Bei der vorübergehenden Einfuhr aus einem Schengen-Staat spielt der Europäische Feuerwaffenpass (EFWP) eine wichtige Rolle. Jäger und Sportschützen benötigen keine Einfuhrbewilligung, wenn die mitgeführte Waffe im EFWP eingetragen ist und sie mit einer Einladung nachweisen können, dass sie an einer Jagd- oder Sportveranstaltung teilnehmen.

Für Jäger und Sportschützen aus einem Nicht-Schengen-Staat gelten andere Vorgaben. Sie benötigen für die vorübergehende Einfuhr von Feuerwaffen zu einer Jagd- oder Sportveranstaltung eine Bewilligung von fedpol. Eine Einladung zum Anlass muss ebenfalls mitgeführt werden, ersetzt die Einfuhrbewilligung aber nicht.

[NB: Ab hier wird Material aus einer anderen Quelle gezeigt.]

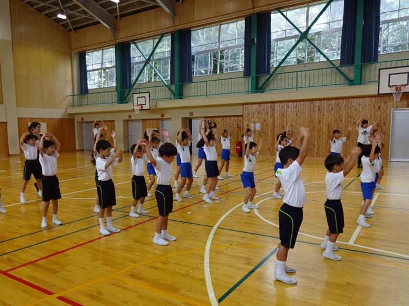 この日は、低学年と高学年にわかれて、地域ボランティアの方に指導していただきました。はじめは踊りを少し忘れている児童もいましたが、ご指導を受けながらみるみる上手になっていきました。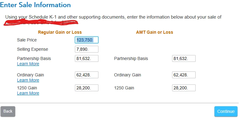 I selected the K-1 in TT premier, selected general partner, this partnership ended in 2023, complete disposition, sold partnership interest. Next, I entered purchase and sale date. At this time, I was asked to enter sale information and see a review, see attached.

Zollfrei bedeutet nicht automatisch steuerfrei

Für Waffen, Patronen und Munition fallen keine Zollabgaben an. Bei der Einreise kann jedoch die Schweizer Mehrwertsteuer fällig werden. Der Normalsatz beträgt 8,1 Prozent.

Für Waren des Reiseverkehrs gilt grundsätzlich eine Wertfreigrenze von 150 Franken pro Person und Tag. Wird diese überschritten, ist die Mehrwertsteuer grundsätzlich auf dem gesamten Warenwert zu entrichten. Eine Kaufquittung sollte deshalb aufbewahrt und bei der Einreise vorgelegt werden können.